Bir dakikalığına sessizleşin, yumun gözlerinizi. Kulağınıza dolan sesleri dinleyin. Ve o seslerin içinizde bıraktığı yankısını... İnsanların belli belirsiz sesleri, traktör, çocuk, kuş, horoz, rüzgâr, yaprakların hışırtısı, geçen araba, iki insanın hararetli konuşmaları... Bunlar benim kulağıma ardı ardına doluverenler. Aralarında hiçbir boşluk olmuyor. Hatta hepsi öyle içiçe girip misafir oluyor ki, rüzgârın sesiyle birlikte ağaçların hışırtısını da dinliyorsunuz.

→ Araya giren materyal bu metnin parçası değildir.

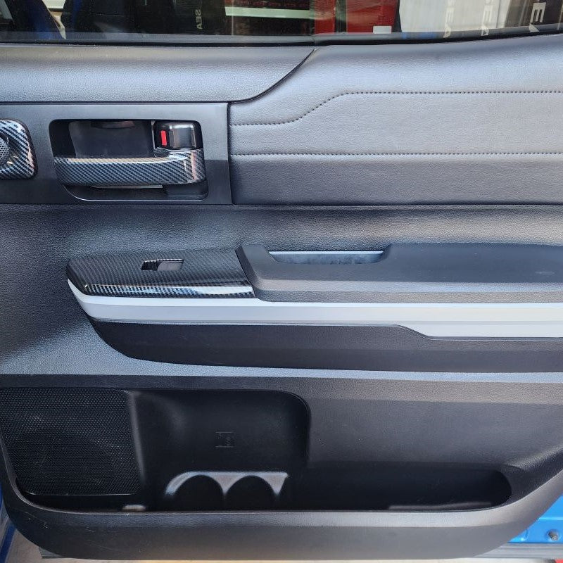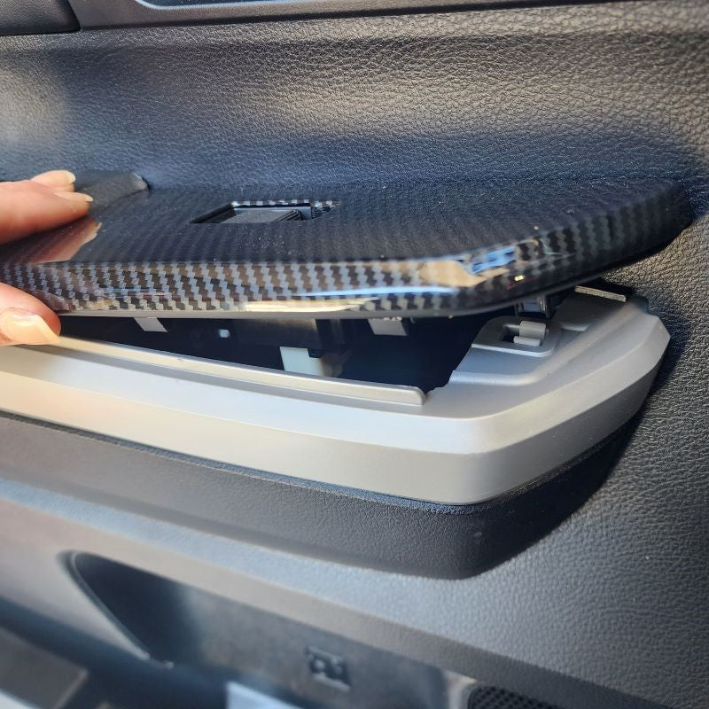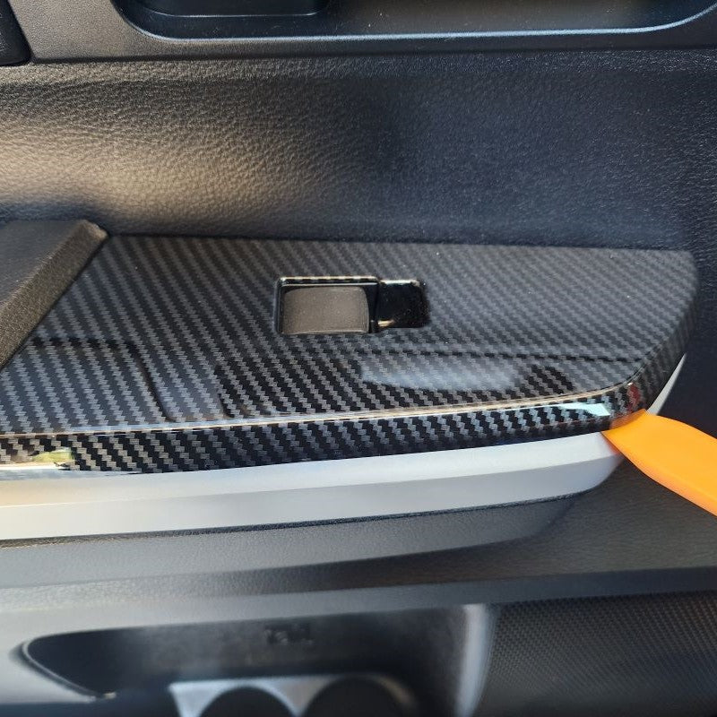 Using a Door Panel Remover or Trim Removal Tool remove your right rear passenger window switch trim panel from the door. Start at one end and then continue to release the panel from its locking tabs from underneath. Once you get one end up, you can use your hand to pull up on the rest of the panel.
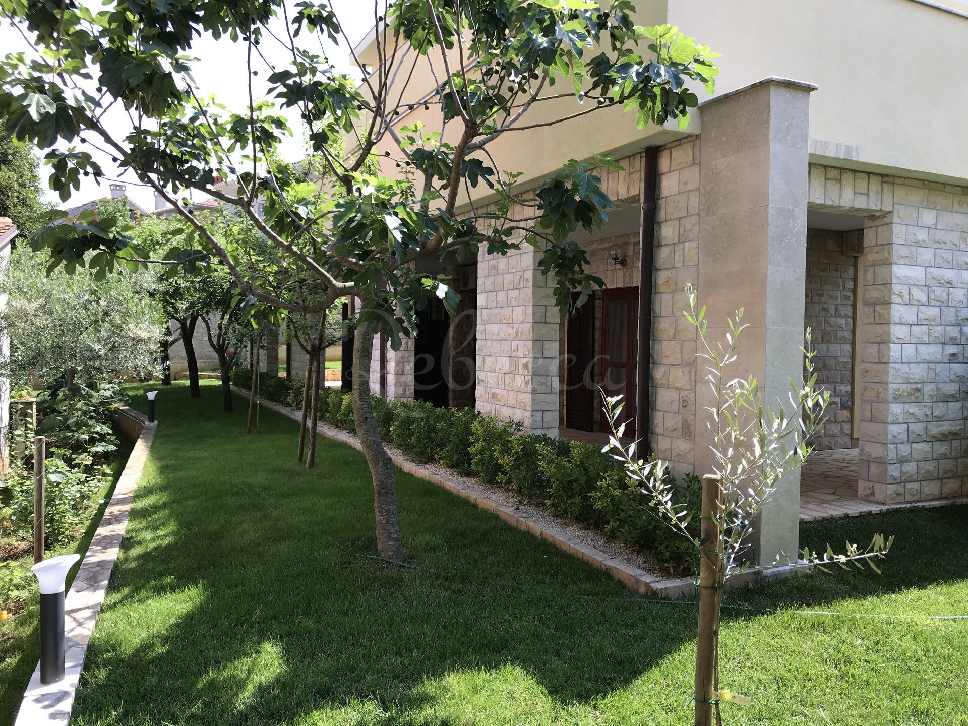 A beautiful house for sale in Pješčana uvala with a total area of 450 m2 spread over three floors. There are three studio apartments on the ground floor, each with a separate covered terrace. On the first floor it is comfortable with three bedrooms and one study, a living room with an exit to a large terrace, a kitchen with a dining room, a bathroom, a toilet and a spacious hall. While on the second floor there are two apartments each with two bedrooms, a living room with an exit to the terrace, kitchen with dining room and bathroom. In front of the house is a paved parking lot covered with a pergola, and within the house there is a garage with one parking space. A summer kitchen with a barbecue and a large covered terrace for pleasant gatherings in the open air are located on a beautifully landscaped garden. Everything is full of greenery and various flowers with a few olive and fig trees for a Mediterranean atmosphere. The house is located in an excellent location, a few minutes from the pebble beach.
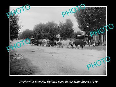 OLD LARGE HISTORIC PHOTO OF HEALESVILLE VIC, BULLOCK TEAM IN MAIN STREET c1910
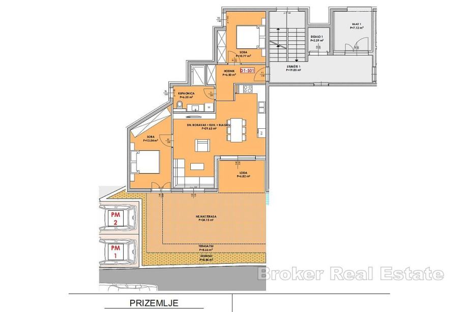 Na prodaju je stan površine 80 kvadrata, smješten u prizemlju moderne novogradnje s liftom. Stan se sastoji od dvije udobne spavaće sobe, prostranog dnevnog boravka povezanog s kuhinjom i blagovaonicom, kupaonice te lođe koja pruža ugodan prostor za opuštanje. Iz dnevnog dijela izlazi se na vanjsku nenatkrivenu terasu okruženu zelenilom, koja stanu daje poseban osjećaj privatnosti i mirnoće.
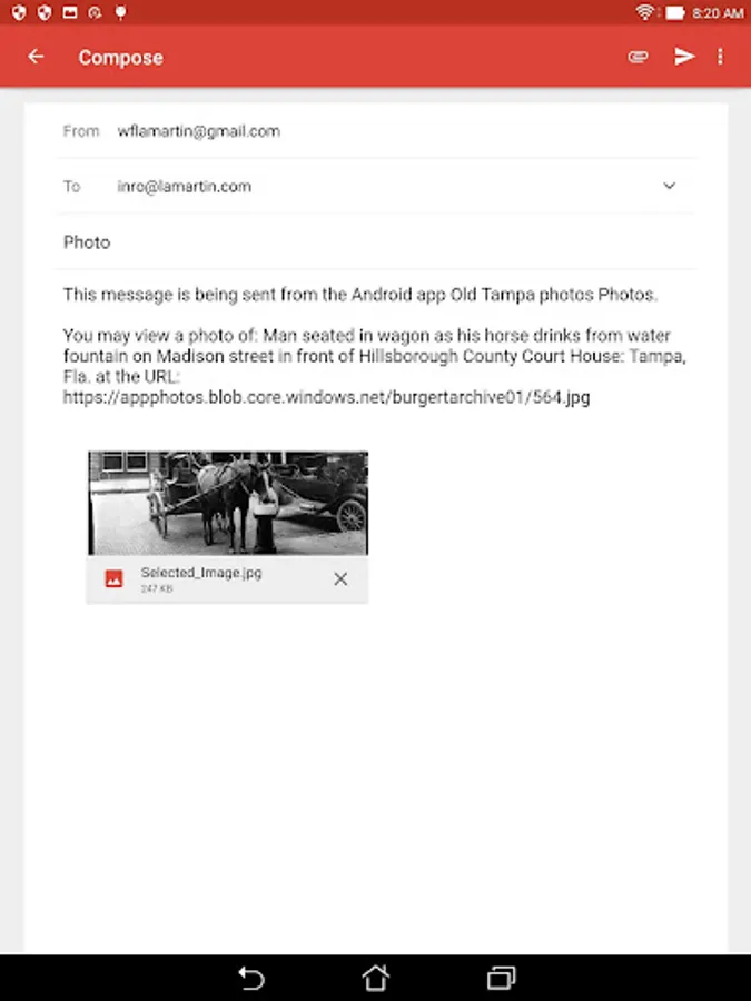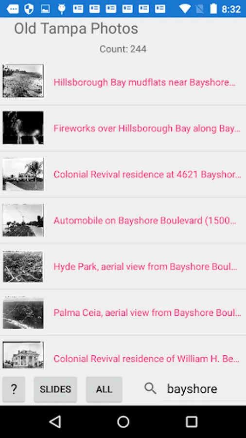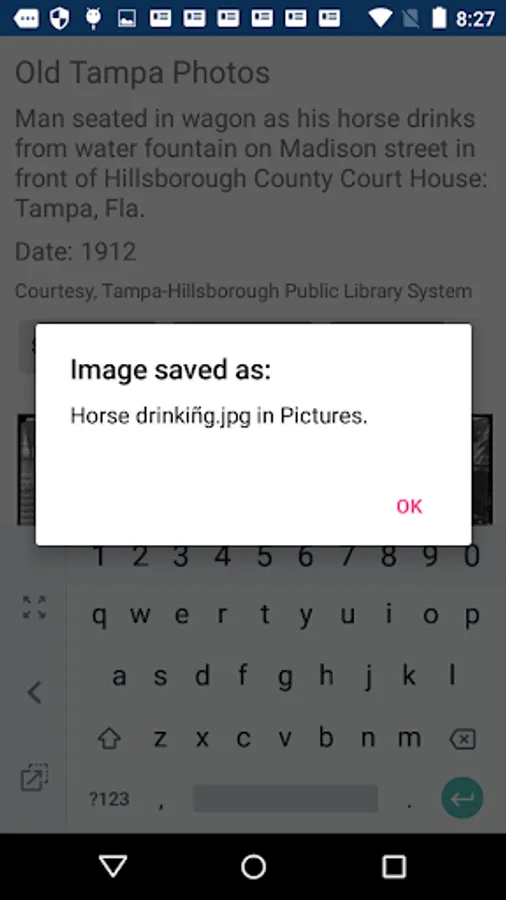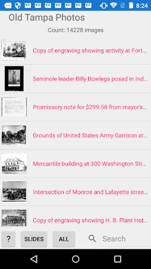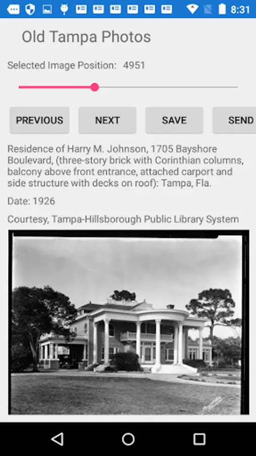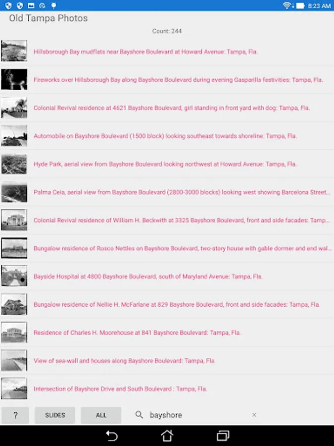 This app allows you to view and search the Tampa/Hillsborough County Public Library's collection of photos of the Tampa, Florida area photographed by the Burgert Brothers Photography Company from the 1890s until 1970. The collection has 14,228 images. A tap on a photo thumbnail will produce a larger image accompanied by a date and description of the photo. While viewing the photo, you may download a copy or share the photo and accompanying information via email.
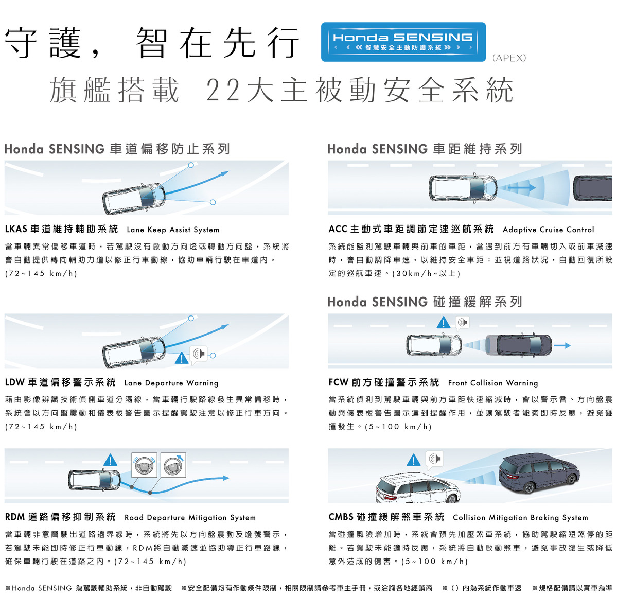 提供全員安全的旅程保護,是大型 MPV 車型最重要的價值,因此 2019年式Honda ODYSSEY持續提供22項最頂尖、最全面的主被動安全配備。在主動安全部份,Honda ODYSSEY全車系提供以智慧型安全主動防護系統「Honda SENSING」為首的安全科技,包含LKAS車道維持輔助系統、LDW車道偏移警示系統、RDM道路偏移抑制系統、ACC主動式車距調節定速巡航系統、FCW前方碰撞警示系統、CMBS碰撞緩解煞車系統、VSA 車身動態穩定系統、Motion Adaptive 方向盤動態修正輔助系統、HSA 斜坡起步輔助系統、BOS 煞車優先系統、EBD電子煞車力道分配系統、BA電子式煞車力道輔助系統、TPMS胎壓異常警示系統、ESS緊急煞車警示、CTS智慧型方向燈等九大安全,提供全面的主動安全機制。ODYSSEY APEX 車型標配360度環景影像輔助系統、主動式自動停車輔助系統、BSI 盲點偵測警示系統、CTM 倒車預警顯示輔助系統及,讓主動安全的配置超越同級。
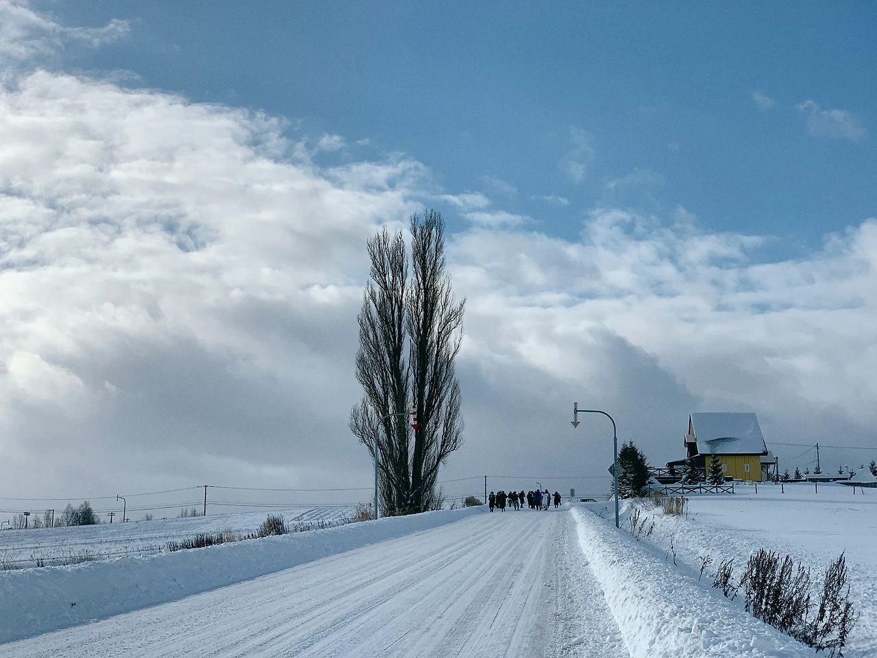 바깥에 나와 몇 걸음 걷자마자 왜 가이드가 늦는다고 한 건지 이해했다. 전날 새벽까지 함박눈이 계속 내렸었는데, 오늘 아침은 눈 없이 아주 청명하다. 이 말은 즉 전날 내린 눈이 모두 얼어 온 길이 스케이트장이라는 뜻이다. 걷기도 힘든데 세상에 운전은 어떻게 하는지! 삿포로에서는 눈이 워낙 많이 내려 그런지 길에 모래도 거의 뿌리지 않는다. 그저 안전운전, 안전 걸음인 것이다. 조심스레 한 발짝 한 발짝 내디뎠다. 생각보다 내 걸음은 느렸고 엉덩방아를 찧을 위기를 열 번은 족히 넘겼다. 조심히 걷다 보니 생각보다 모임 지점까지 오래 걸렸고, 결국 오분 가량 늦고 말았다. 모두들 정말 죄송해요..
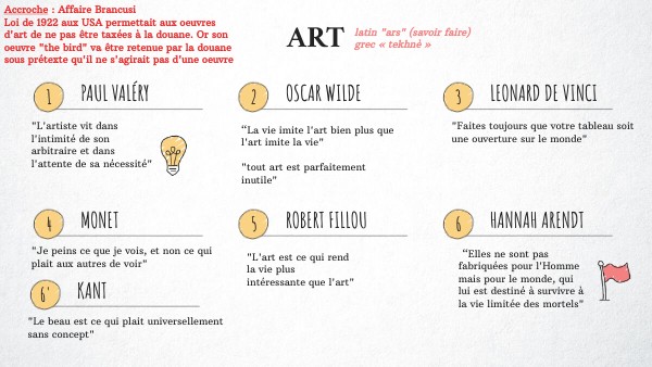 Définition : - Production concrète de beauté - Effort de réinvention - Tableaux dans un musée - Un accès au divin - Un moyen de donner sens à la vie ? ou "un luxe mensonger" Camus 1. L'art précédé par la technique - L'oeuvre suit des règles de fabrication mais n'a pas de règles d'utilisation. Ne peut être ni jetée, ni usée ni consommée. Dépasse l'éfficace et le concret. - Un détournement du savoir faire - Moyen de rémémoration, un vecteur de temporalité = Hannah Arendt 2. Le rôle de l'artiste entre mensonge et vérité - Une séléction de l'imitation pour créer une expérience de séduction = Poétique d'Aristote -Art relève du beau si l'oeuvre reproduit le réel = Réalisme 19 ème (artiste jugé sur sa capacité technique) "Mimesis"grec. Platon dira que cette reproduction n'a pas de sens dès lors qu'elle n'est plus dans le monde intelligible - Rester fidèle ou instaurer un aspect lyrique ? Le courant des Romantiques = Reproche de Platon à Homère - Imiter la nature au profit d'une subjectivité profonde 3. Autonomie du champ artistique - La modernité, créer un lien étrange avec son époque = Procès de Baudelaire - Casser les codes du beau = Art moderne comme expression de la liberté : Jean Dubuffet, les ready made de Marcel Duchamp, aspirateur sous plexiglas de Jeff Koons
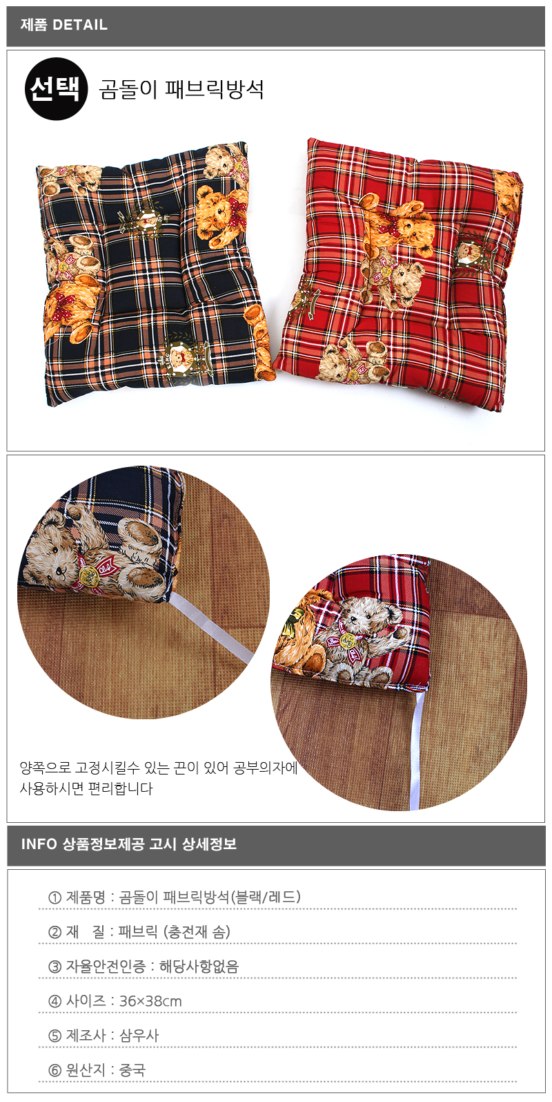 | 품명 및 모델명 | 곰돌이패브릭학생방석 |
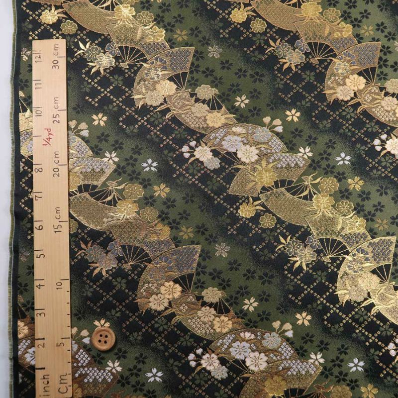 渋い色にゴールドの華やぎ 金襴生地(金らん)斜取り扇面桜(黒/老緑おいみどり) 10cm単位 切り売り
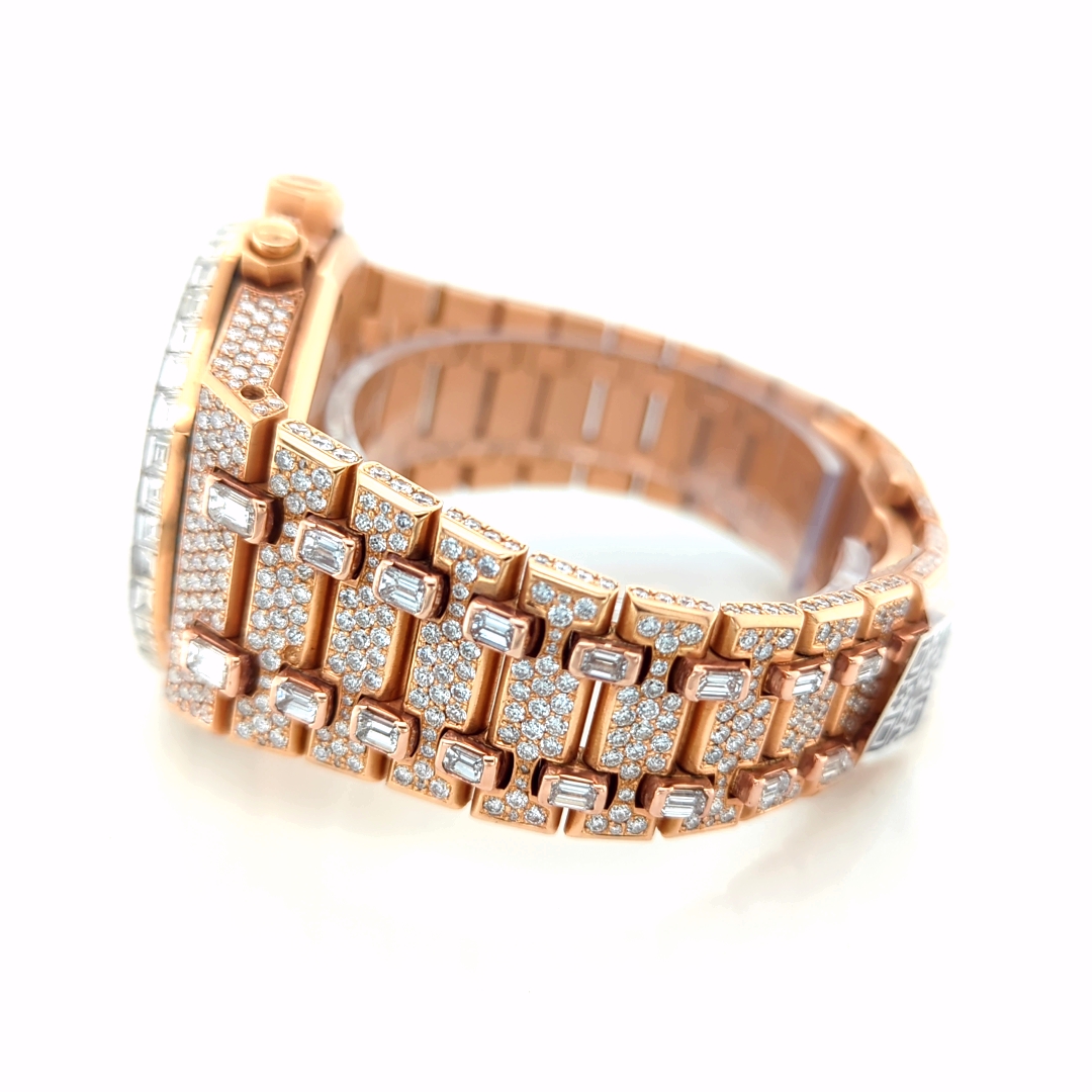 Royal Oak Iced Out Baguettes Rose Gold

Hadiseler de aynen böyle. Durumunuz, şartlarınız öyle bir hâl alıyor ki bazen, hangisini ilk önce çözeceğinize karar veremiyorsunuz. Hatta derdini dinlediğimiz çoğu insandan duyarız, herşey üstüste geldi serzenişini.. Herkes bunun adını başka türlü koyacaktır, ama ben farkındalığımızın azalması diyeceğim. Fark etmediğimiz, aslında biraz kendimizde kalıp kulak kabartsak, geliyor olduğunu fark edip tedbir alacağımız pekçok hadise, tedbir almadığımız için pat diye önümüze düşüyor ve biz herşey üstüste geldi deyiveriyoruz. 

Kendimize değil, heva ve hevesimize râm olup farkındalığımızı yitirdiğimiz her zaman dilimi, bize ağır faturasıyla geliyor. Zira Allah, musîbeti verdiğine sabrını ve iç mutmainliğini de beraberinde gönderiyor. Biz sabırsızlığımızla, sorunsuz gittiğini zannettiğimiz hayatımızın tepetaklak oluşuyla mızmızlanıp şekvaya başladığımız için, içimizdeki sükûnetin izlerini kovalayamıyoruz çoğu kez. Ve baştada dediğim gibi, kendimizden kaçıyoruz aslında.

Hayat, faaliyet ve hareketle safileşir, temizlenir, çalkanır. Fakat gelişigüzel, rastgele, çalakalem değil, belli bir düzenle, nizamla, itinayla... Her şeyin bir matematiği var der matematikçiler. Hadiselerin, olayların da aynı şekilde bir matematiği, ritmi ve tınısı vardır. En küçük zerre bile başıboş değilse, olaylar da başıboş değiller ve olamazlar. Yeter ki bakabilmeyi bilelim ve en hafif şekilde atlatmak için tedbirimizi alalım. Yoksa her hareket üzerimizden geçer ve biz ondan bir mesaj çıkaramazsak, onca sıkıntıyı boşu boşuna yaşamış oluruz.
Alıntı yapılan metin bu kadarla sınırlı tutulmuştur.